A surge of recent research in machine learning and statistics has developed new techniques for finding patterns of words in document collections using hierarchical probabilistic models. These models are called "topic models" because the word patterns often reflect the underlying topics that are combined to form the documents; however topic models also naturally apply to such data as images and biological sequences.

While previous topic models have assumed that the corpus is static, many document collections actually change over time: scientific articles, emails, and search queries reflect evolving content, and it is important to model the corresponding evolution of the underlying topics. For example, an article about biology in 1885 will exhibit significantly different word frequencies than one in 2005. After reviewing the basics of topic models, I will describe probabilistic models designed to capture the dynamics of topics as they evolve over time.
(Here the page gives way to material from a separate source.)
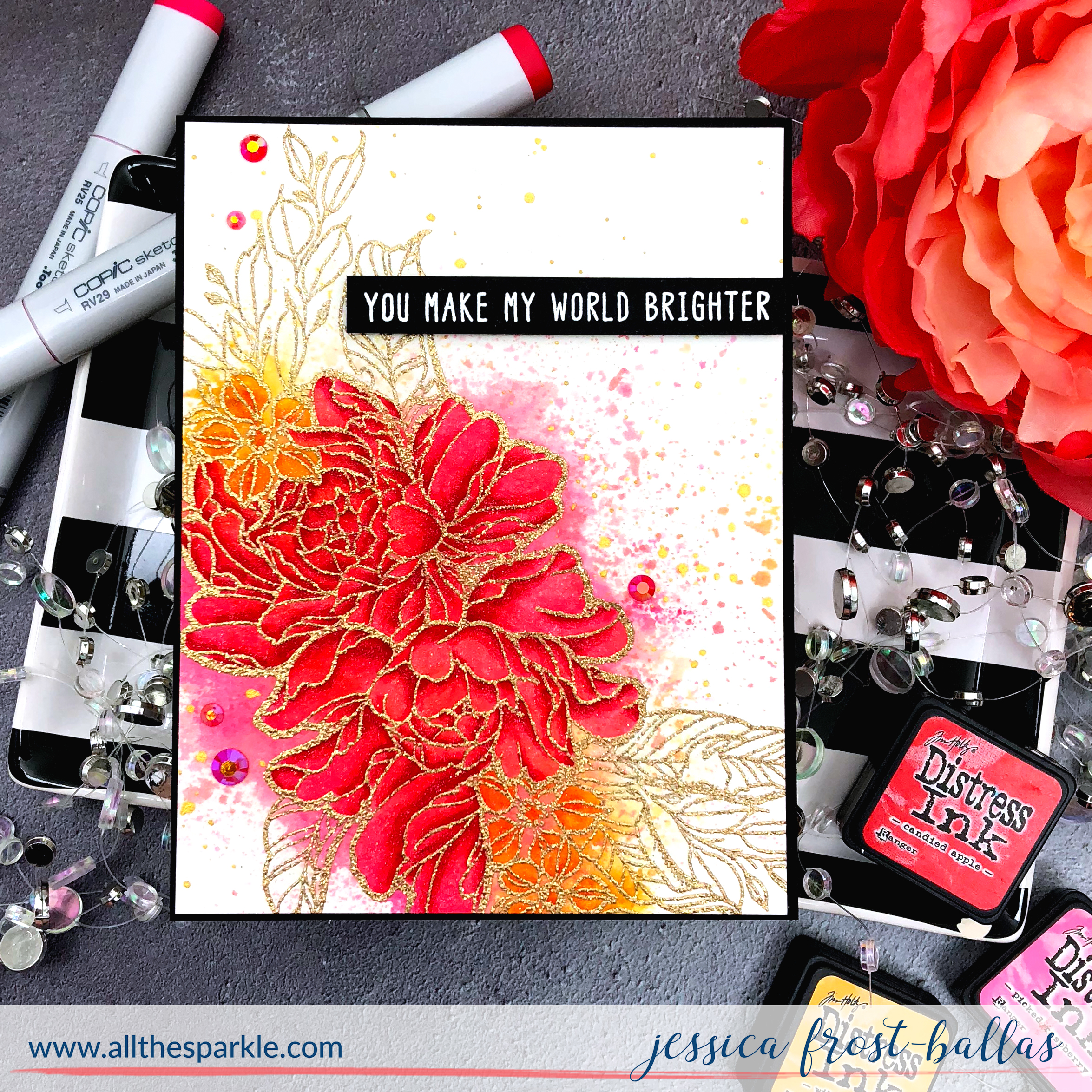 Next I took copic markers and added shading to the inside of each flower. I left the leaves alone for a little contrast. Once I was done coloring I placed the watercolor paper back in my MISTI, restamped the floral arrangement using versamark, and heat-embossed it with gold tinsel embossing powder. Then I masked the arrangement and splattered it with gold metallic paint. Once that dried I trimmed the watercolor panel down and adhered it to a black card base. I stamped the sentiment from Altenew’s Hello Sunshine onto black cardstock and heat-embossed it with white embossing powder. I trimmed it down to a label and adhered it to the card with foam mounting tape. I added a little sparkle to the red flowers with spectrum noir clear sparkle and then added a few red jewels to finish the card!

In addition to giving quantitative, predictive models of a corpus, topic models provide a qualitative window into the structure of a large document collection. This perspective allows a user to explore a corpus in a topic-guided fashion. We demonstrate the capabilities of the dynamic topic model on the archives of the journal Science, founded in 1880 by Thomas Edison. Our models are built on the noisy text from JSTOR, an online scholarly journal archive, resulting from an optical character recognition engine run over the original bound journals.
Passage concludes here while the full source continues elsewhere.